しょうがないよね、キスしてるとこ見られたもんね。
もしかして、俺とミカが今、手を繋いでるのが悪いのかな?
「でもお母様、私もアリムちゃんとミカちゃんと仲が良いのですよ?」
カルアちゃんはその金色の髪をなびかせながらこちらにやってきて、俺の空いてる方の手を握った。
両手に花……だが、俺自身も花だ。
周りの城内スタッフが微笑ましい顔で見てくる。
「カルアから話は聞いてますわ。勇者様、お仲間様。
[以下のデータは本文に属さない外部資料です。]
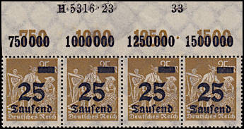 Aufdruck-Hausauftragsnummer: fortlaufende Auftragsnummer auf einem Bogenrand bei einer Briefmarke mit Aufdruck der sich auf den Aufdruck bezieht |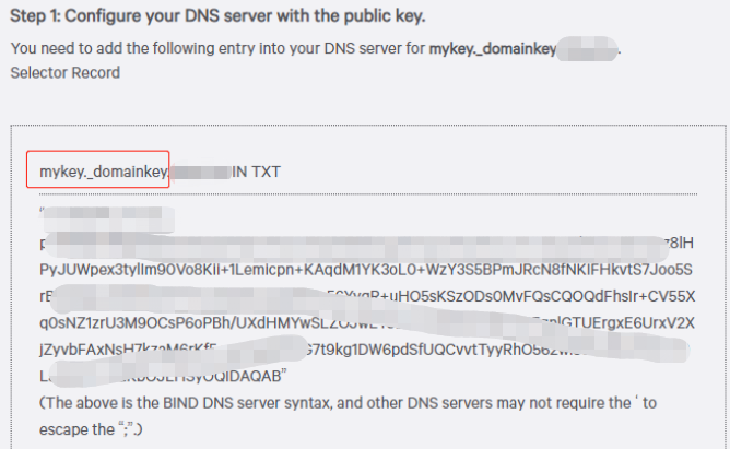 根据上一步生成的结果在阿里云添加DKIM记录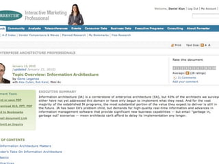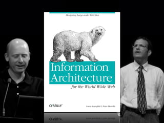 This document discusses information architecture and its goal of helping people navigate information effectively. It defines information architecture as structuring information to facilitate intuitive access to content. The document also discusses how information architecture involves designing information presentation, navigation systems, and taxonomies to organize relationships between entities, labels and categories. Finally, it notes that good information architecture aims to make interfaces "be good" by aligning with business goals and user needs.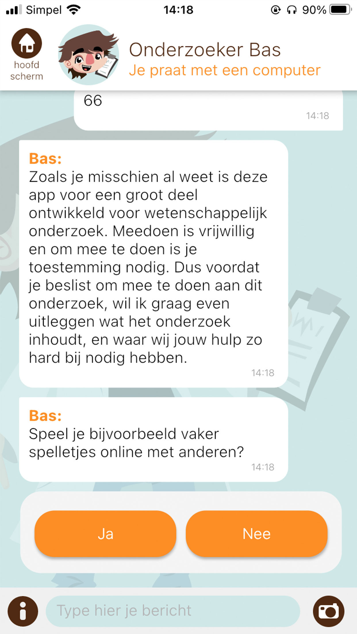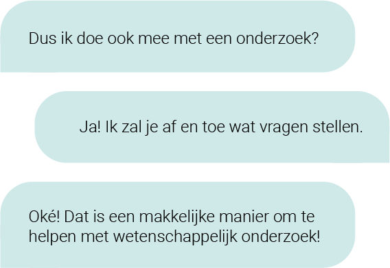 Chat iedere maand met Onderzoeker Bas. Hij stelt je verschillende vragen over je gemoedstoestand en sociale netwerk. Dat is weer eens wat anders dan een saaie vragenlijst.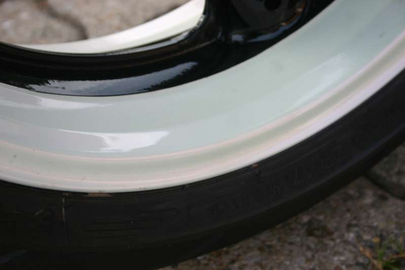 Die Felgen sind doch beide lackiert, vorne in Rahmenfarbe weil da der Fender in Mopedfarbe drüber ist, und hinten in Mopedfarbe, weil die Schwinge Rahmenfarbe hat.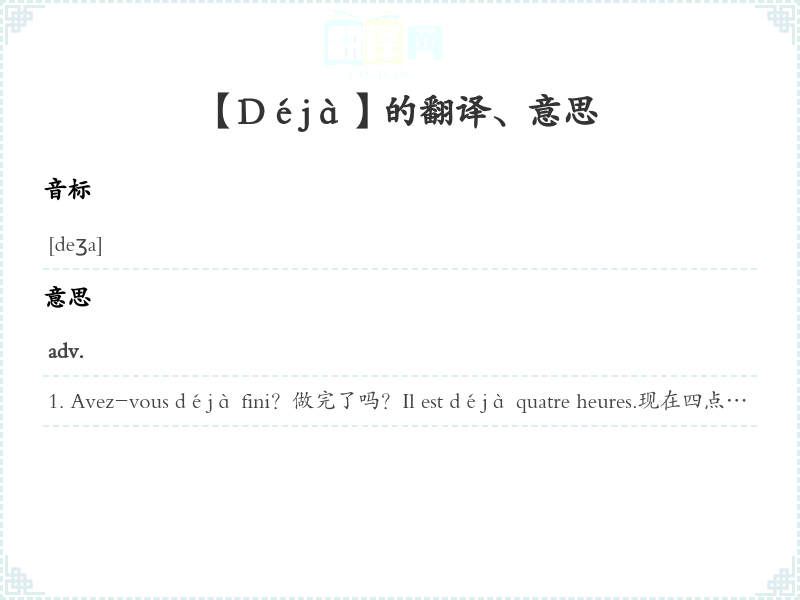 Avez-vous déjà fini?做完了吗?Il est déjà quatre heures.现在四点钟了。Je vous ai déjà dit que...我早跟说过…[表示加强语气]Ce n'est déjà pas si mal.这不算很坏了。[放在句末, 表示忘记对方回答, 重新提问]Comment vous appelez-vous, déjà ?叫什么名字?我忘了。[表示惊讶]Vous? déjà !是?么来了!Déjà prête!准备好啦!d'ores et déjàloc.adv.从今以后

よろしければ私も……名前でお呼びしてもよろしいでしょうか?」
それは勿論だ。
正直、俺は勇者だと言われるより、名前で呼んでもらった方が良い。
「ええ、是非っ!」
「勿論です!」
「ふふ、有難うございます。あ、あと私のことも…妃…ではなく、名前で呼んでいただけると嬉しいです」
成る程ね、今後、妃様はカルナ様と呼べば良いんだね。了解。
カルナ様も俺たちの方に来る。
この人は何回も言うけれど…本当に三人も子供を産んだ母親なのか? ルインさん達と同い年くらいにしか見えない。
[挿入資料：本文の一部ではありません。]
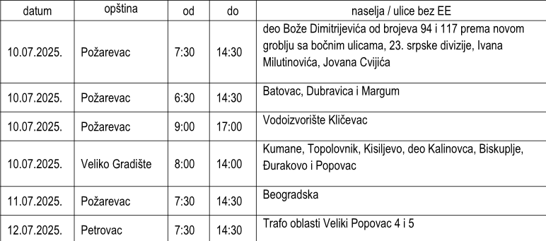 Isključenja struje 10. i 11. jula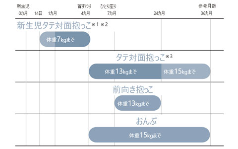 ●対象月齢:生後14日以降かつ体重3.2kg~36ヵ月(体重15kgまで) ●使用期間: [新生児タテ対面抱っこ]生後14日以降かつ3.2kg以上~4ヵ月(体重7kgまで)、ただし首がすわるまで [タテ対面抱っこ]首がすわって(4ヵ月)~36ヵ月(体重15kgまで) [前向き抱っこ]ひとり座りができて(7ヵ月)~24ヵ月(体重13kg)まで [おんぶ]首がすわって(4ヵ月)~36ヵ月(体重153kg)まで ※タテ対面抱っこの生後14日以降1ヵ月まで、24ヵ月を超えてから36ヵ月までは SGマーク制度対象外です。(PL保険対応) ●製品サイズ(約・mm): [本体]<背あての幅>W325×<背あての長さ>H490~597(※ヘッドサポートを起こした状態) [首マモール]W185×H95 [ハイポジションシート]W220(最大部分)×H187(タテ幅) ●製品重量:[本体]838g [首マモール]19g [ハイポジションシート]53g ●製品付属重量:[おやすみカーテン・よだれパッド1組]71g ●パッケージサイズ(約・mm):W220×D180×H310 ●腰ベルトのサイズ(約・mm):600~1,380 ※パパ、ママ兼用。身長や体型によって装着できない場合があります。 ●梱包内容:本体・ハイポジションシート・首マモール・おやすみカーテン・よだれパッド・取扱説明書 ●素材:[表地]ポリエステル100% [裏地]ポリエステル100% ●洗濯: 本体・ハイポジションシート・おやすみカーテン・よだれパッドは洗濯機洗い可能です。 (※洗濯ネット使用、ねじり又は絞り禁止) 首マモールに関しては手洗い可能です。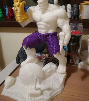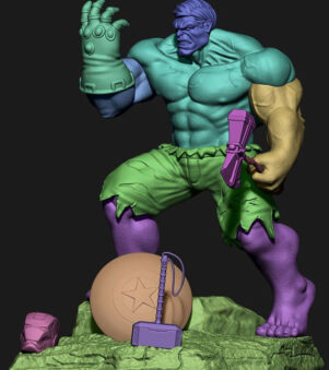 The Hulk Guantelete, a spectacular 3D-printed marvel, channels immense power and grandeur. Its intricate detailing and imposing design evoke the essence of strength and dominance, symbolizing a fusion of might and artistry.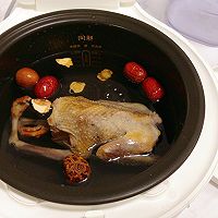 鸽子1只,花菇2朵,红枣3枚,枸杞10粒,桂圆1个,老姜2克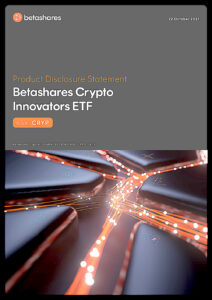 This Product Disclosure Statement outlines the key features of the Betashares Crypto Innovators ETF, including its investment objective, exposure to global companies involved in cryptocurrency and digital asset infrastructure, index methodology, fees and costs, risks (including market volatility and regulatory risk), and taxation considerations.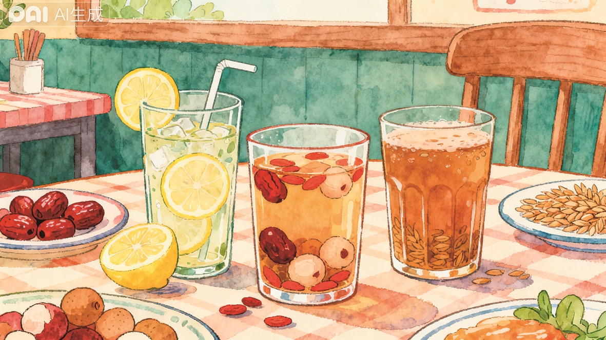 相较于夏季的清爽果蔬水,秋冬季节餐馆提供的免费水饮就略显单调,它们大多承担同一个“任务”,让顾客从寒冷的室外进来后,通过一杯暖饮迅速恢复温度,同时也唤起食欲。大麦茶、荞麦茶在秋冬季节相当流行,部分餐馆为了提升它的口感,还会额外加入新鲜或者晒干的玉米须增加甜味。还有一些店铺会提供红枣桂圆枸杞茶、八宝茶这类甜度更高的茶饮,热水冲泡后这些干果的香气被极大程度地逼出,即便不额外加糖,茶汤也是甜丝丝的,可以迅速帮助寒冷的身体补充热量。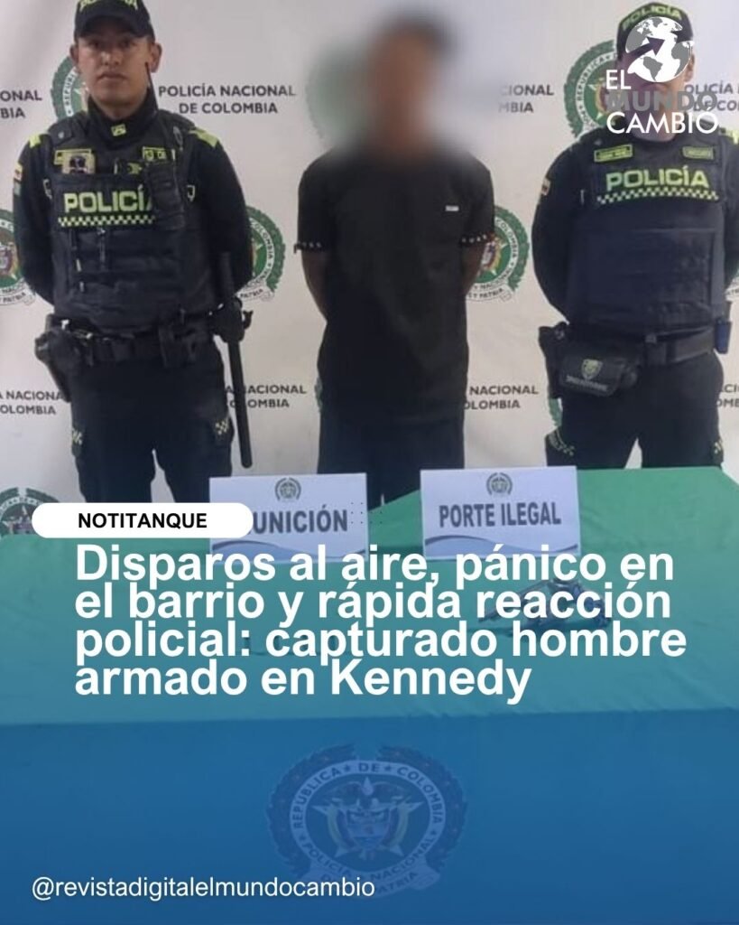 En un oportuno y contundente operativo, uniformados de la Estación de Policía Kennedy capturaron a un hombre que, en medio de la vía pública, realizaba disparos al aire e intimidaba a los ciudadanos del sector María Paz, poniendo en riesgo la vida de quienes se encontraban cerca.

スキルって相変わらずやばい。昨日もそれを実感したし。
「昨日…カルアは私に沢山…沢山、私が居ない間に何があったかを話してくれました」
「昨夜、昨夜ですね! お母様と一緒に寝たんです」
そっか、確かカルナ様はカルアちゃんが産まれてからすぐに死んだんだっけ。
カルアちゃんとカルナ様が一緒に寝るのは初めてだというわけだ。
まぁ、一緒に寝てるところを見たとしても、姉妹が寝てるようにしか見えないだろうけど。
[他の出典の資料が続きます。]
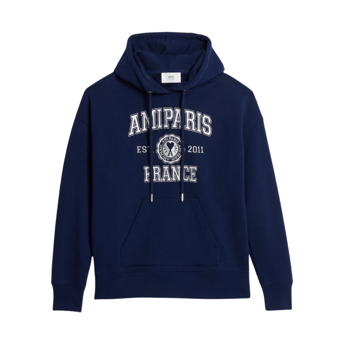 아미 스몰 하트 로고 루프백 오가닉 코튼 플리스 후드 나이트 블루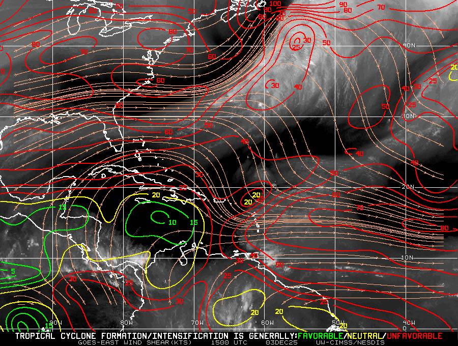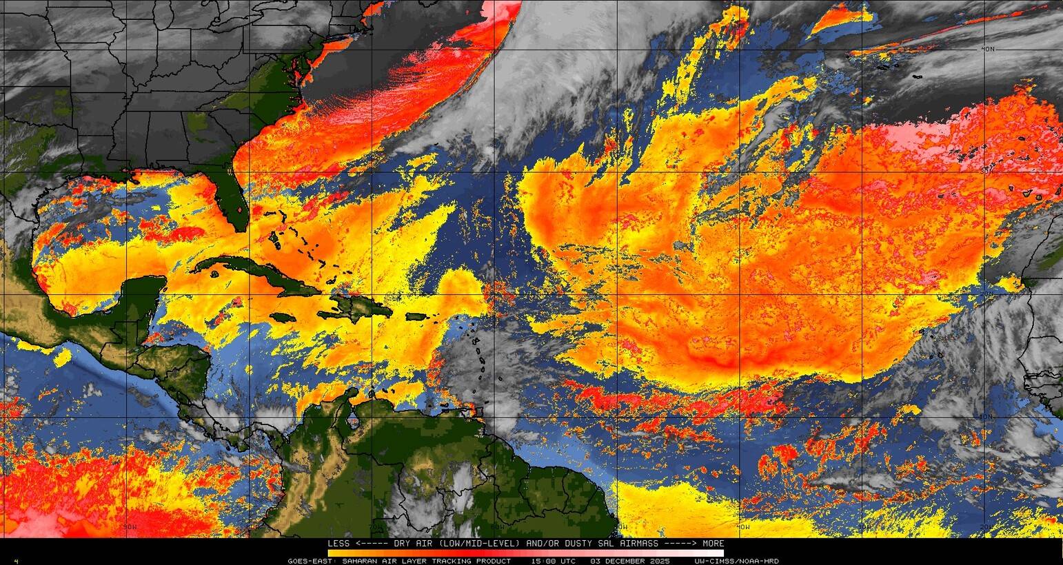 Il n’y a pas de cyclone ni de système surveillé par le NHC en Atlantique. Nous ne sommes pas actuellement en période cyclonique

「そのカルアの話の中に、アリム様、ミカ様が沢山出てきました。娘と遊んでくれてありがとうございます」
「いえいえ、友達ですから!」
カルナ様の御礼に対し、ミカは友達だと答えた。俺もそう言おうと思ってたのに…。
「ぁ、勇者……様……!」
唐突に上から声がした。
見上げると、腕に何やらアイテムを巻きつけたヘレルさんがエルさんと二人で居た。
二人は上から急いで降りてきた。
「ぉ…おはようございます、勇者様」
「…おはようございます」
ヘレルさんの腕に、朝っぱらからエルさんがしがみついてる。人のこと言えない。
どうせこの人たちは昨夜、俺たちがしたこと以上のことをしたに違いない。きっとそうだ。
「おはようございます、ヘレルさん」
「そ、そんなヘレルさんだなんて…俺は」
会ったことないはずなのに、なんかこの喋り方に違和感を感じる。この口調に慣れてないみたいだ。
「あら、先代勇者様にエル姫様、おはようございます」
「おっ…おはようございます! 妃様」
「おはようございます、妃様」
やっぱり、エルさんとカルナ様…。
雰囲気似てるなぁ…。顔とかは結構違うけど。
同じ金髪だし。
きっと、カルアちゃんもあと2~3年したらあんな風に大人な雰囲気を醸し出すに違いない。
「おぉ! おはようございますぞ、皆様!」
気づけば、大臣さんもこの場に来ていた。
いつになく綺麗な服を着ている。
新調したんだね。
「あら…おはようございます、オラフル様」
「おお、おはようございます、妃様。……まだ慣れませんでしょうが…ご気分は良さそうですね?」
「ええ、おかげさまで」
大臣さん、すごく嬉しそう。
まぁ、わかる。
この場には今、幸せしかない。
正直、俺は人をそう簡単に生き返らせるのに抵抗がない…といえば嘘になる。
でも、生き返らせてよかった。
やっぱり、そう思うんだ。
「アリム殿、ミカ殿、国王様がお呼びでしたぞ。国王様は御自室におります」
「はい、わかりました。じゃあ、またあとでねカルアちゃん」
「はい、またあとで」
カルアちゃんは俺から手を離す。
俺とミカは国王様の部屋へと向かった。